By Kristen St.John and Athanasios Velios
June 6-7, 2019, the Linked Conservation Data Consortium held its first in-person meeting at Stanford Libraries’ Conservation Lab in Redwood City, California. Twenty-two participants met to learn how terminology is utilized through Linked Data; to evaluate the current state of vocabularies used in Conservation; and to determine ways to enable sharing of conservation records through terminology. The workshop was arranged in three parts.
The first afternoon served as an introduction to basic technical concepts. Jon Ward of the Getty Vocabularies Program discussed the structure of Knowledge Organization Systems (KOS) which include controlled lists, glossaries, and thesauri. Then Athanasios Velios of the University of the Arts, London walked participants through key concepts behind Linked Data.
Linked Data relies on the Resource Description Framework (RDF) which is a structure for producing records using triples, linking two entities with a relationship (subject, property/relationship, object). Athanasios used an example from a conservation survey where a conservator noted that “this book has this spine lining.” The spine of the book is the subject, the spine lining is the object and the relationship between them can be formally expressed as “forms part of.” Such relationships are defined by a standard developed for cultural heritage collections known as the ICOM International Committee for Documentation-Conceptual Reference Model (CIDOC-CRM). Other relationships might be “used general technique” for linking the production of objects to the techniques used, or “consists of” for linking objects with their materials. Another relationship “has type” can be used to connect objects with vocabulary terms such as “book spine” and “spine lining.”

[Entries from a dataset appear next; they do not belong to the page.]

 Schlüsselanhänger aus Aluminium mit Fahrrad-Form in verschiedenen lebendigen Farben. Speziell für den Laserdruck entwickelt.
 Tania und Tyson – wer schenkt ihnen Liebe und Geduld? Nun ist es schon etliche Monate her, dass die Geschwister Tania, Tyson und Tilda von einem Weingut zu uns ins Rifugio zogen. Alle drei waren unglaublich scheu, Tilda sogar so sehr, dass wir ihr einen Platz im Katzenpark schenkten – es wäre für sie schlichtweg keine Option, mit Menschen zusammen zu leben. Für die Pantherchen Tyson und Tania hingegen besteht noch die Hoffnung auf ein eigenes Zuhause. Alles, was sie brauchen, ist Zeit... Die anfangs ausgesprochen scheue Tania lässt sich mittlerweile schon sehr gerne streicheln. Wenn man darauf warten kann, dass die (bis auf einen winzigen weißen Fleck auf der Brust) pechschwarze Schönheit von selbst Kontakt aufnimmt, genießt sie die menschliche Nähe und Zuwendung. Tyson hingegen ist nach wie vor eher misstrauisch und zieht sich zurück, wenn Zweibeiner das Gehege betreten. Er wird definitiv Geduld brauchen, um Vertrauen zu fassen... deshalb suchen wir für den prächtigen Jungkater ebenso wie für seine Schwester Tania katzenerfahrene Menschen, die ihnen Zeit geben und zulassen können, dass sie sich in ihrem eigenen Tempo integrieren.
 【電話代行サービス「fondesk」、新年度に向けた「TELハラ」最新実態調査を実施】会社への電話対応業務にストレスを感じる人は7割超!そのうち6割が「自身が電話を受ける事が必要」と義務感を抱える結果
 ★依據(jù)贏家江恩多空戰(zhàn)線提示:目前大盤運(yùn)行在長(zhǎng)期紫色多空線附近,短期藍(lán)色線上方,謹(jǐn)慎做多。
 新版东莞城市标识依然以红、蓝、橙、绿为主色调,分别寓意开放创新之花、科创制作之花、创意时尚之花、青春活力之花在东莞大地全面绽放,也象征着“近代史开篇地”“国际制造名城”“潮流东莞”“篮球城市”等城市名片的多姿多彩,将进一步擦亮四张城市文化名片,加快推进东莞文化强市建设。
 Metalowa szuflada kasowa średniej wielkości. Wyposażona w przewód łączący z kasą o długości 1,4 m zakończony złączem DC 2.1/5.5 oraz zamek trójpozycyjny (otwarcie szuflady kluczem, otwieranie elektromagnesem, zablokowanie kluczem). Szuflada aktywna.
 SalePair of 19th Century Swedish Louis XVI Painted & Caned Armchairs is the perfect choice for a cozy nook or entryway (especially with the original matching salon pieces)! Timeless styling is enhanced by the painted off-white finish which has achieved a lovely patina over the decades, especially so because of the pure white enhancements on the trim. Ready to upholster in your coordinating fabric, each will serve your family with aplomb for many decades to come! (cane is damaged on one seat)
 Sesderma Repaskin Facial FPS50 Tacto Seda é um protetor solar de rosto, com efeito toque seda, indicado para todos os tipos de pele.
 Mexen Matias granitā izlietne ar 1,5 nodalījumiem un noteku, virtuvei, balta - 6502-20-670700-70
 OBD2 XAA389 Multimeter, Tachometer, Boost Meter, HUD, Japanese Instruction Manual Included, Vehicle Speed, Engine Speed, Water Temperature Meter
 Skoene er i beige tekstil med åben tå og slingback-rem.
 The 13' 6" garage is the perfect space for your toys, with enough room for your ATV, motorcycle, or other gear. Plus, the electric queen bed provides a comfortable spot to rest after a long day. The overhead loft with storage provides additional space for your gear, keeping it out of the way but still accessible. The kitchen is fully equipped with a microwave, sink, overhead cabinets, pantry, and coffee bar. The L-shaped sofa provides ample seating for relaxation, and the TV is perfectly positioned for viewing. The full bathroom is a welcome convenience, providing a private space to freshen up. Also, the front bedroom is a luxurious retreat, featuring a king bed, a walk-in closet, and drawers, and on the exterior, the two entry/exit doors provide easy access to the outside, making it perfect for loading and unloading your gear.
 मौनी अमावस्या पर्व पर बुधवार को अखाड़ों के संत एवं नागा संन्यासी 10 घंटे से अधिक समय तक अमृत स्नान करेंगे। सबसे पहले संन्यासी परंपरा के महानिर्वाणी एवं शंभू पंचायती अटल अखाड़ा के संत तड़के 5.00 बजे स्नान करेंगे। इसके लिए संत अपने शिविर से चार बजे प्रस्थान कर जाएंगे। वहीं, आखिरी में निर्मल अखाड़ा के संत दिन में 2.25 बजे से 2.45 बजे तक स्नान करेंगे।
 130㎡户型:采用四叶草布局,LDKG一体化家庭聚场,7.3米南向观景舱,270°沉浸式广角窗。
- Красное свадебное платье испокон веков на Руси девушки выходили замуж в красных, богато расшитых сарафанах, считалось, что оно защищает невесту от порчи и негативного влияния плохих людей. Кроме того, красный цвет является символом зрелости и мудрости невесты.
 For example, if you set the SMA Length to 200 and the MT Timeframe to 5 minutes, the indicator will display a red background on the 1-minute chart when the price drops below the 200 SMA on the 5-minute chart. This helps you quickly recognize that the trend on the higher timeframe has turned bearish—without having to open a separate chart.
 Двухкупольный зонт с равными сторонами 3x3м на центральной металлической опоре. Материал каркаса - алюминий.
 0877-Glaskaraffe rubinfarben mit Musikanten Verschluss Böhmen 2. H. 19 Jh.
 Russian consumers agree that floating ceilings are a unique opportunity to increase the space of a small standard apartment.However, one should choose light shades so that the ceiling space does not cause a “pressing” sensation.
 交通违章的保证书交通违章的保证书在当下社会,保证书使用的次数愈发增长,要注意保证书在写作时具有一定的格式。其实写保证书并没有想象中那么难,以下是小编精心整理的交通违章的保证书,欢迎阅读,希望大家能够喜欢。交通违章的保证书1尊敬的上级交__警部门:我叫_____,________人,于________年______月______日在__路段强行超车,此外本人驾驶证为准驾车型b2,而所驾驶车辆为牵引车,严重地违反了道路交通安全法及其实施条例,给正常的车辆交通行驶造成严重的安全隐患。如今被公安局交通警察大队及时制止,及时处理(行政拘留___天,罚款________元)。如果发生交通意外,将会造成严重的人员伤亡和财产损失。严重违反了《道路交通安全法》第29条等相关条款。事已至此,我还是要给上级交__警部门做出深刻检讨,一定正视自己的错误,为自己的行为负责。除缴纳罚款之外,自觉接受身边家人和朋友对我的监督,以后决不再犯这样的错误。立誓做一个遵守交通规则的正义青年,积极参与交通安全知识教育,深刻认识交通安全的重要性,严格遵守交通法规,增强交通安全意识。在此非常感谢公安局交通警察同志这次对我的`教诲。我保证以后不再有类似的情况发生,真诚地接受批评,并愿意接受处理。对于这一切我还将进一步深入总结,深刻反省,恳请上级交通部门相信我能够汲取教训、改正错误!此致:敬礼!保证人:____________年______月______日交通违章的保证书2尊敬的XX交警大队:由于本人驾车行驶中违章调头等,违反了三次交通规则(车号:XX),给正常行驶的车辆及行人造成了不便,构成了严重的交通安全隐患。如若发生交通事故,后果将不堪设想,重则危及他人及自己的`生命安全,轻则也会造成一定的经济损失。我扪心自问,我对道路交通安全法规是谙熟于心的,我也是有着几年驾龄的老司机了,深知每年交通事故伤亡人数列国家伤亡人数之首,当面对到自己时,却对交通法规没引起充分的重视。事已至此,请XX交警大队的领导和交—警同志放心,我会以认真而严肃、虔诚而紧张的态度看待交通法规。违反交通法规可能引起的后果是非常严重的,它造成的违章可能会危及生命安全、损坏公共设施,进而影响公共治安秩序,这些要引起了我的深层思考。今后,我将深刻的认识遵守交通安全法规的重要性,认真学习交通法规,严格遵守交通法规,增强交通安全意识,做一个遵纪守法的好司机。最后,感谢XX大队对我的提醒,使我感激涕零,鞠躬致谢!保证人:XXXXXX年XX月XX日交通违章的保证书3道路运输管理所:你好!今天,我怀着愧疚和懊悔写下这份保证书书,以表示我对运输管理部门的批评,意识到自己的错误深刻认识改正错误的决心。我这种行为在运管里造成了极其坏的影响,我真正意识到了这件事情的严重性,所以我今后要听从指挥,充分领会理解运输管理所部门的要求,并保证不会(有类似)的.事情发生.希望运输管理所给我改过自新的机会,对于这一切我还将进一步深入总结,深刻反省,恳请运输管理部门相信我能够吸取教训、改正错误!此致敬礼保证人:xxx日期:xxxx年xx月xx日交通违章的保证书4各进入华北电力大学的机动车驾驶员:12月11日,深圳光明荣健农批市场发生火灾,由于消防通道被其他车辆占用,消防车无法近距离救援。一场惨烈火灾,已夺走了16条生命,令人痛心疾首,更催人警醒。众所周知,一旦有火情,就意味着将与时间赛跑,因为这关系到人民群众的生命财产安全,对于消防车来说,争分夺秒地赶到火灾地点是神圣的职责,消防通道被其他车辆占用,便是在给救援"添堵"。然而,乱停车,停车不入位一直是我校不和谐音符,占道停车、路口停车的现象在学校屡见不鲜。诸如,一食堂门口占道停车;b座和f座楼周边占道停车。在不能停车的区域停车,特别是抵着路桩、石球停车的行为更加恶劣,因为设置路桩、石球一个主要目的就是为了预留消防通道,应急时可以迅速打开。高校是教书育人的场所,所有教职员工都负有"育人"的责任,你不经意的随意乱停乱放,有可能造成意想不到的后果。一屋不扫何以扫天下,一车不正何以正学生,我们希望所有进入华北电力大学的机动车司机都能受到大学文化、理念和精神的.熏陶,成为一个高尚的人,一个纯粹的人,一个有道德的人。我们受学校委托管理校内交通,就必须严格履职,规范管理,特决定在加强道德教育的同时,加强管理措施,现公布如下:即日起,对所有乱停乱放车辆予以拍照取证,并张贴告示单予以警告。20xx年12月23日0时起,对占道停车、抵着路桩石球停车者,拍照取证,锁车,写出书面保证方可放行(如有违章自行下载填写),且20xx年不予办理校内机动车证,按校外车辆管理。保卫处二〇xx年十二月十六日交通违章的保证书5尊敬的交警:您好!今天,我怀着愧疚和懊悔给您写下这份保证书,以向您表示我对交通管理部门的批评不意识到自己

Then Professor Marcia Zeng of Kent State University elaborated on how vocabularies can be structured to be shared as Linked Data. She introduced the SKOS (Simple Knowledge Organization Systems) standard in which a distinction is made between the language term and the concept it represents. An example from the field of agriculture was presented: the word “rice” and the word “riz” both refer to the same concept of the seed of the plant Oryza sativa, and the concept of “rice” may have relationships to other concepts. For example, rice is a type of cereal and therefore it is considered as a “narrower concept” of cereal. Rice is also “related to” corn as they are both cereals. The structure allows for communities to use different words for the same concept while preserving these relationships. One could use either “rice” or “riz”, but the relationships to “cereal” and “corn” are maintained regardless. The same principle can be applied to conservation terms and concepts.
We wrapped up the afternoon with Jon Ward discussing the Getty Vocabulary Programs with particular reference to conservation terms in the Art and Architecture Thesaurus (AAT). The AAT is a rich source of conservation terminology and is already available for use in Linked Data applications. The Getty has been streamlining ways for people to contribute new terms and encourages the growth of conservation terminology in its resources.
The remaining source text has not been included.